With regard to the breeder- don't take the breeder's actions personally at this stage in the game. Unfortunately, your pup is facing a medical issue and you, naturally, are looking for answers from the breeder and/or empathy from them. It isn't uncommon for breeders to become VERY defensive when it comes to there being something wrong with one of their pups so you likely will not get exactly what you are expecting or looking for when you do hear from them. My advice on this subject is not to start out with pointing fingers or going on the attack with your breeder- try to go about it by explaining the situation and inquiring if they have ever had anything like this go on before. Until you get a complete diagnosis from your vet you won't know if it's something that's specific to your pup's development alone or it it's something hereditary in which you will have to discuss your options with the breeder to see how to rectify (ie: getting a new pup, cost reimbursement, etc). Until you know which of these it is I would tread lightly on the subject as to not burn bridges before you know what's on the other side for Shelby.

As always, there are many of us here hoping for the best for your little girl and offering any advice possible. Hang in there and hopefully tomorrow will provide answers so you can rest easier.


----------



## Shelby (Mar 4, 2013)

Thank you everyone so much for all the advice. It really makes all of this so much easier for me. I will keep informed when I get the results. I hope it is something that is treatable because we love her so much.. Thank you again!


----------



## Shelby (Mar 4, 2013)

Also I am just being very informative with my emails to breeder as I would think they would want to know what is going on.. I guess I am looking for empathy from them or just a simple hang in there.. I know if I raised this little angel I would want to know if she was in despair. I just wish all of this would stop and we can enjoy her without being paranoid every second :-( well just gonna wait to here tomorrow. The vet I am dealing with has been so helpful and I trust them completely.


----------



## born36 (Jun 28, 2011)

Fingers crossed for you. 

I hope your vet comes up with something.


----------



## KB87 (Jan 30, 2012)

If you have found a vet you can trust then you've fought half the battle.

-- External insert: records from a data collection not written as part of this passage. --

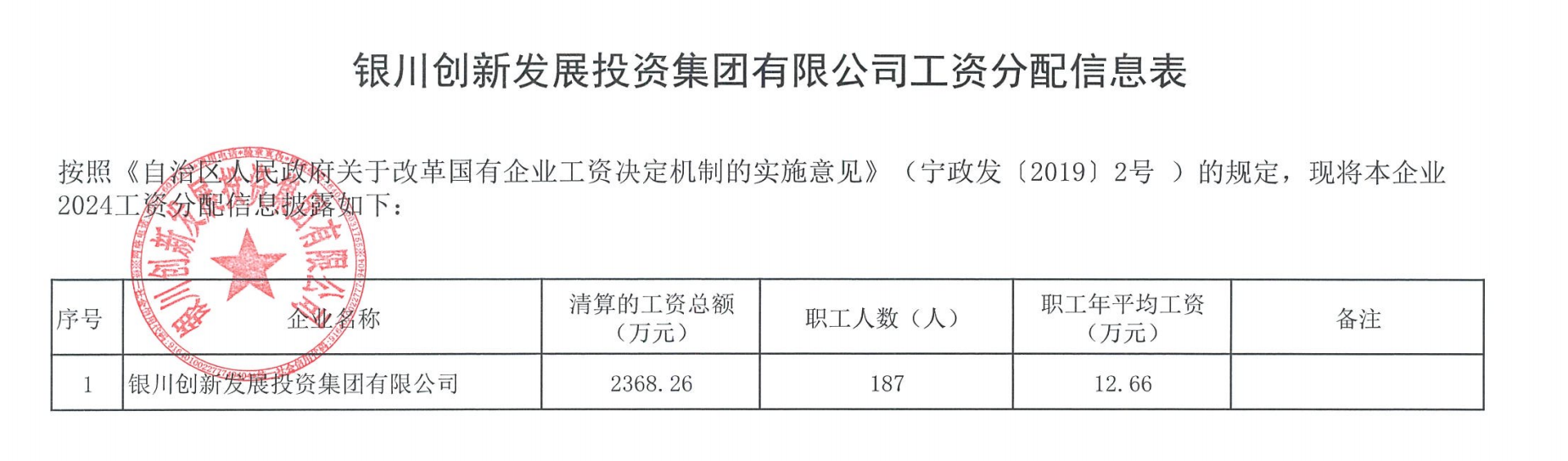 銀川創(chuàng)新發(fā)展投資集團(tuán)有限公司工資分配信息表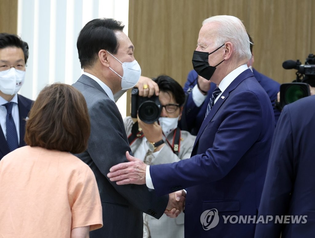 拜登和尹锡悦在三星电子半导体工厂首次会面。图源:韩联社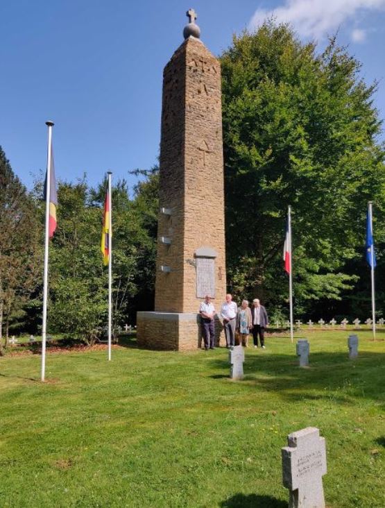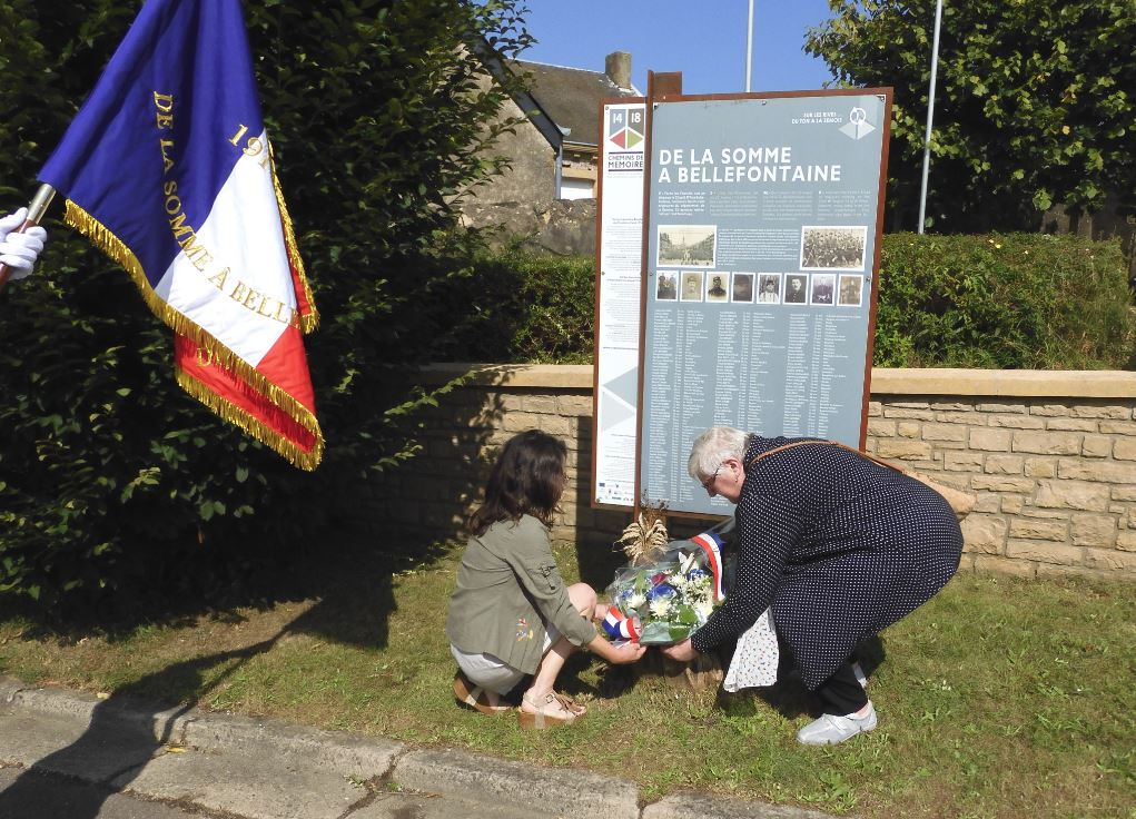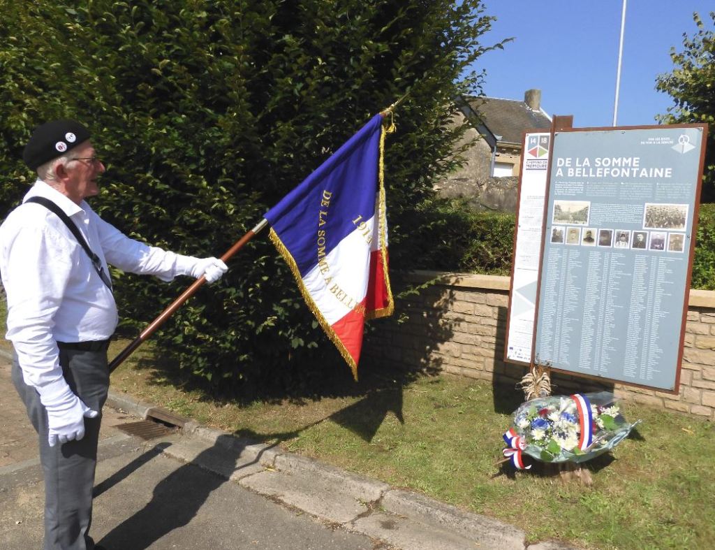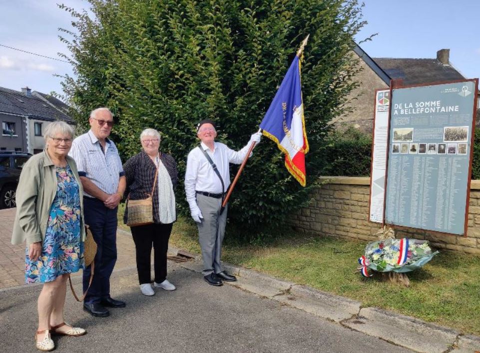 Monsieur René BASTIN, représentant local du devoir de mémoire, attendait les 4 représentants « De la Somme à Bellefontaine » ce jeudi 22 août 2024 devant le monument mémoriel honorant les victimes samariennes de la Bataille des Frontières d’il y a 110 ans, jour pour jour.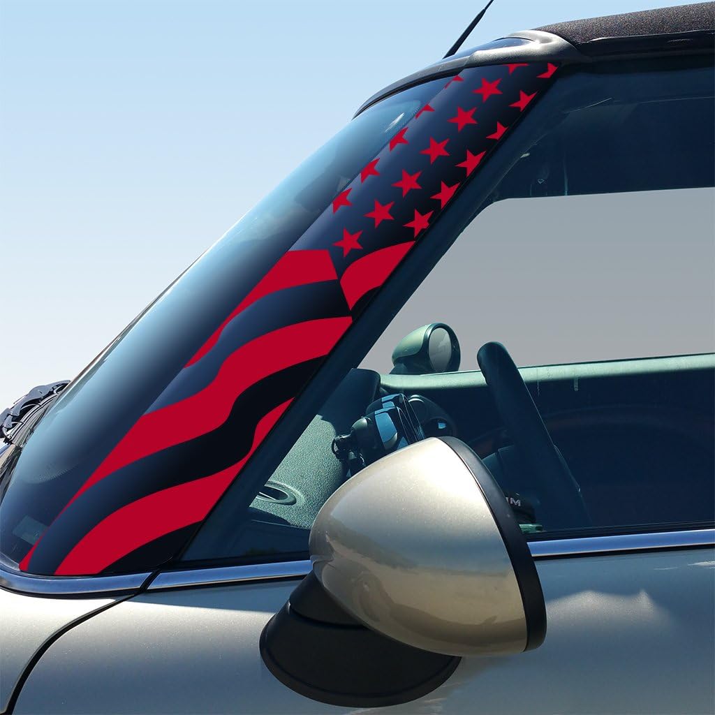 The glossy black pillars of the MINI provide a perfect canvas for this unique decal. Dress up your MINI and accent with this US Flag design. This decal is contour cut from burgundy vinyl, so the background is the color of the pillar! Check out my other listings for more fun car graphics! - Decals fit the following MINIs: -R55 (08-13 Clubman and Clubman S) -R56 (07-13 Hardtop Cooper and Cooper S) -R57 (09-13 Convertible Cooper and Cooper S). For other MINI Pillar Decals, please see my other listings. You'll get a set of 2, one for the driver side and one for the passenger side pillar. Installation: Clean the surface thoroughly. Peel away the decal backing, and hold the decal by the edges. Carefully position, then press into place on the surface. Smooth, working from the center outward toward the edges. Carefully peel away the transfer sheet. Note: Apply in temperatures 45-90 degrees Fahrenheit. Use a soft cloth to smooth out the decal before removing the transfer sheet to help in adhering and to remove bubbles that might form beneath the vinyl.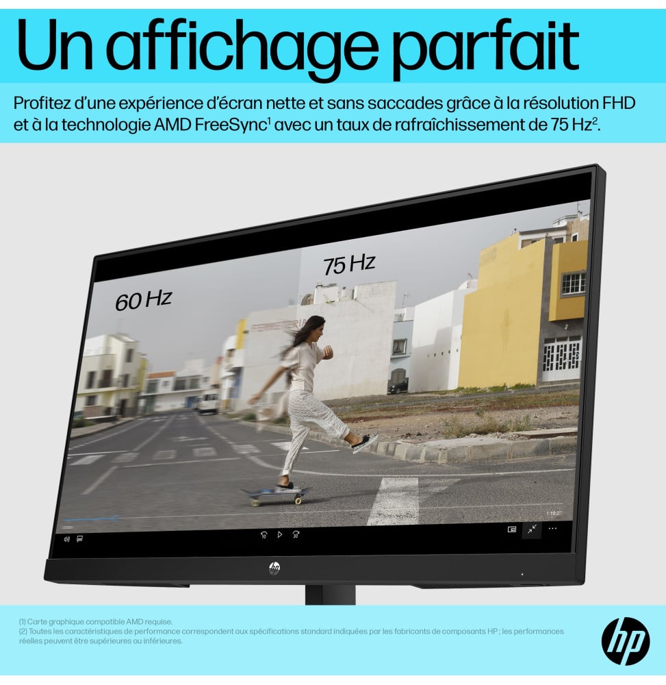 Productivité quotidienne: Voyez plus loin avec l’écran HP FHD V24v G5. Alliez efficacité et esthétique grâce à un affichage superbe en Full HD avec technologie anti-saccades AMD FreeSync™. Bénéficiez d’un cadre élégant à micro-bords sur 3 côtés, d’une gestion ordonnée des câbles et d’un socle ultra-plat pour un bureau épuré. Personnalisez facilement vos réglages grâce au bouton Joypad OSD ou au HP Display Center. Avec un taux de rafraîchissement de 75 Hz, cet écran offre des images nettes et fluides pour une productivité maximale.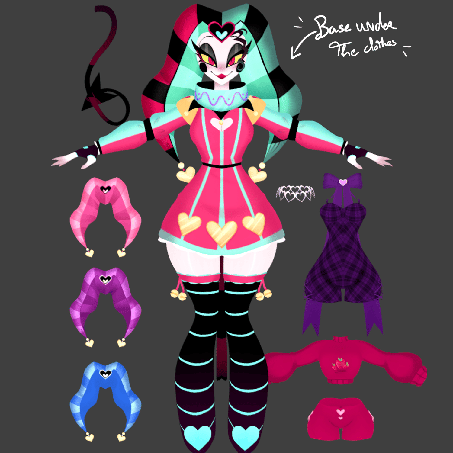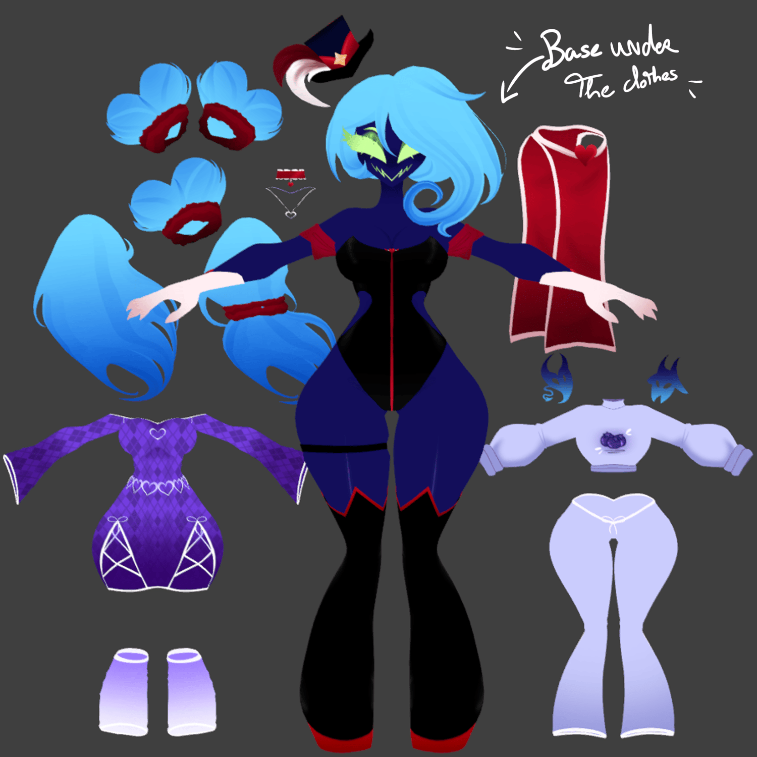 - Outfits accessories : main skirt on/off, pajamas color swap, hat on/off, demons on/off, jewelry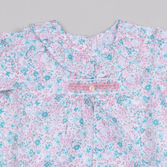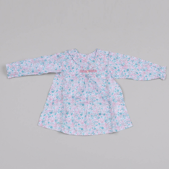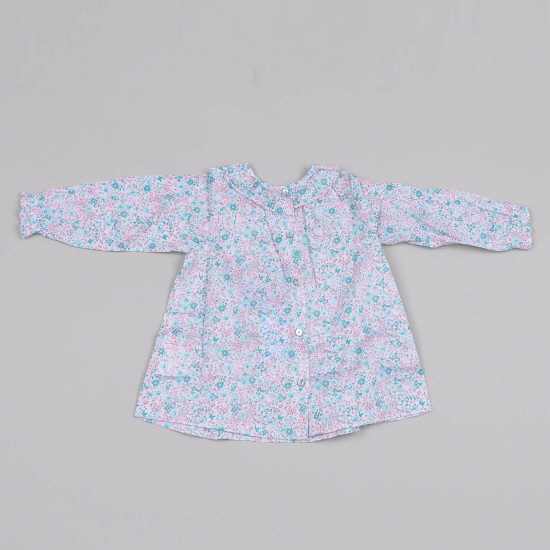- 화사한 꽃나염지에 무늬 스포크로 포인트를 준 여아블라우스입니다

Let us know how today goes. Paws crossed for your little lady.


----------



## Shelby (Mar 4, 2013)

The vet called back and a tests came back negative :-( he thinks it is a neurological issue and there is not much I can do since she is so young. The breeder also emailed me back and she was just really busy and going to call me tonight to talk about this. I am now wiping my house down with hot water and vinager and or baking soda and giving her bottled water. I am going to wait and see if this improves anything before I make a choice of what to do. I love this little girl so much but do not want her to live a life of suffering. I have all hope in my breeders that they will help me and be supportive with this. It's just really hard emotionally to watch all of this happen. Say a little prayer for my baby girl. I would not even be able to give her vaccines because she is so unstable and that puts a risk on her health as well.


----------



## lilyloo (Jun 20, 2012)

Praying this is something she will grow out of...

I can't imagine how hard it must be to watch her go through the seizures. Hang in there!


----------



## WillowyndRanch (Apr 3, 2012)

Just as you find out who your true friends are when things aren't going well, so too you discover the moral strength or "reputation" of a breeder or trainer when things aren't going well...

From this breeder's perspective, there would be little else I can think of save my family in a hospital room that would keep us from making immediate contact if one of our Pups had these issues. 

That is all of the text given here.